DOP04 Single cell RNA sequencing identifies distinct intestinal inflammation patterns between primary sclerosing cholangitis-associated colitis and Ulcerative Colitis
Uniken Venema, W.(1);Bangma, A.(1);Van der Wijst, M.(2);Kats-Ugurlu, G.(1);Bjork, J.(1);Vich Vila, A.(1);Weersma, R.(1);Festen, E.(1)

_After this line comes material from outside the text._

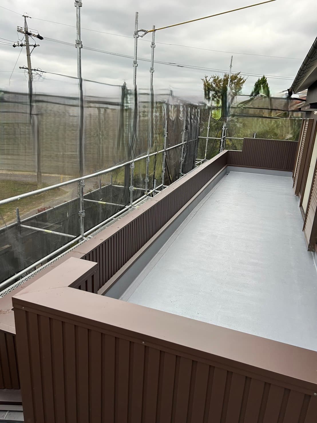 大工工事でバルコニーに勾配をつけ、排水溝も設置しました。理想を言えば、すべて解体して新しく作り直す方が良いのですが、バルコニーの下に居室があるため、大掛かりな工事が必要になり、雨仕舞も複雑になる可能性がありました。そのため、今回は現状を活かした仕様で施工しました。この方法は、コストを抑える意味でも最適です。防水工事が完了し、見た目もきれいに仕上がりました。

(1)University Medical Center Groningen, Department of Gastroenterology and Hepatology, Groningen, The Netherlands;(2)University Medical Center Groningen, Department of Clinical Genetics, Groningen, The Netherlands
Background
Primary sclerosing cholangitis (PSC) is an inflammatory disorder of the bile ducts. The etiology of PSC is unknown, but it is hypothesized that intestinal barrier dysfunction, as seen in inflammatory bowel disease (IBD), plays a role. Roughly 75% of PSC patients have concomitant IBD (PSC-IBD). PSC-IBD is phenotypically different from ulcerative colitis (UC) with predominantly right-sided disease and a higher risk for colorectal cancer. In this study we aim aim to find probable distinct pathomechanisms for PSC-IBD, by comparing gut mucosal biopsies between PSC-IBD and UC using single-cell RNA sequencing.
Methods
47 gut mucosal samples from the colon of subjects with either PSC-IBD (n=24), UC (n=18) or non-IBD control (n=5) were collected, from which 28 were paired inflamed and non-inflamed. Whole biopsies were cryopreserved and dissociated into single cells using collagenase digestion. Library preparation was done using the 10x Genomics system and subsequent sequencing was performed on an MGI2000 sequencer. The ‘Seurat’ R package was used for analysis.
Results
A total of 75.078 high quality cells identified 38 distinct cell types. No differences in cell type composition were observed between PSC-IBD and UC. We did see different cell type composition and gene expression between inflamed and non-inflamed samples. For example, in PSC-IBD specifically, an enterocyte subtype defined by DUOX2-expression showed inflammatory pathways upon inflammation. UC inflammation, on the other hand, was characterized by involvement of BEST4+ enterocytes and inflammatory fibroblasts. In addition, activated B cells and IgA plasma cells expressed stress-related genes in PSC, but not in UC inflammation.
Conclusion
We show that intestinal inflammation in PSC-IBD is characterized by distinct, cell-specific gene expression patterns as compared to UC. This highlights differential cell types mediating inflammation between these IBDs. Our study provides insight in cellular mechanisms underlying intestinal disease in PSC, and may serve as a starting point for further studies, for example on the functions of DUOX2+ enterocytes.